Matching RSUs. As soon as practicable after the end of fiscal year 2016 and after each subsequent fiscal year during the Term, the Company shall grant to the Executive a number of restricted stock units equal to the number shares of the Company’s common stock held by the Executive as of that fiscal year end, divided by the closing price per share of the Company’s common stock on the last trading day of the fiscal year (the “Matching RSUs”). For the sake of clarity, the total value of the Matching RSUs granted will equal the number of shares held by the Executive as of that fiscal year end. For purposes of this Section 3.4.2, “shares held” shall include issued and outstanding shares held directly by the Executive as well as vested equity, the settlement of which has been deferred pursuant to the Company’s DEP, but shall not include shares issued upon vesting of Matching RSUs issued pursuant to this section. The Matching RSUs shall vest on the third anniversary of the applicable Matching RSU issuance date, provided the Executive has remained continuously employed by the Company on the relevant vesting date (or Executive’s employment was terminated as a result of Executive’s death or Disability (as defined below). The total value of Matching RSUs granted under this Section shall not exceed $1,000,000 per fiscal year.

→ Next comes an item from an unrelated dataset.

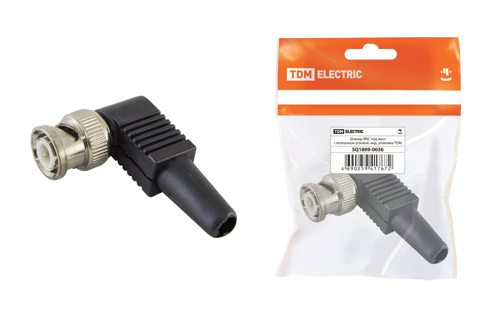 Штекер BNC под винт с колпачком угловой, инд. упаковка TDM в Орске

Matching RSUs. As soon as practicable after the end of any month during which the Executive makes a purchase of all or any portion of the Purchased Shares, the Company shall grant to the Executive a number of restricted stock units equal to the number of Purchased Shares so purchased in such month (up to a maximum aggregate number of restricted stock units equal to the number of Purchased Shares; the “Matching RSUs”). The Matching RSUs shall vest and be settled in shares of the Company’s common stock on the third anniversary of the applicable Matching RSU issuance date, provided the Executive has remained continuously employed by the Company on the relevant vesting date (other than as a result of death or Disability and has not sold or otherwise disposed of any of the Purchased Shares prior to the relevant vesting date.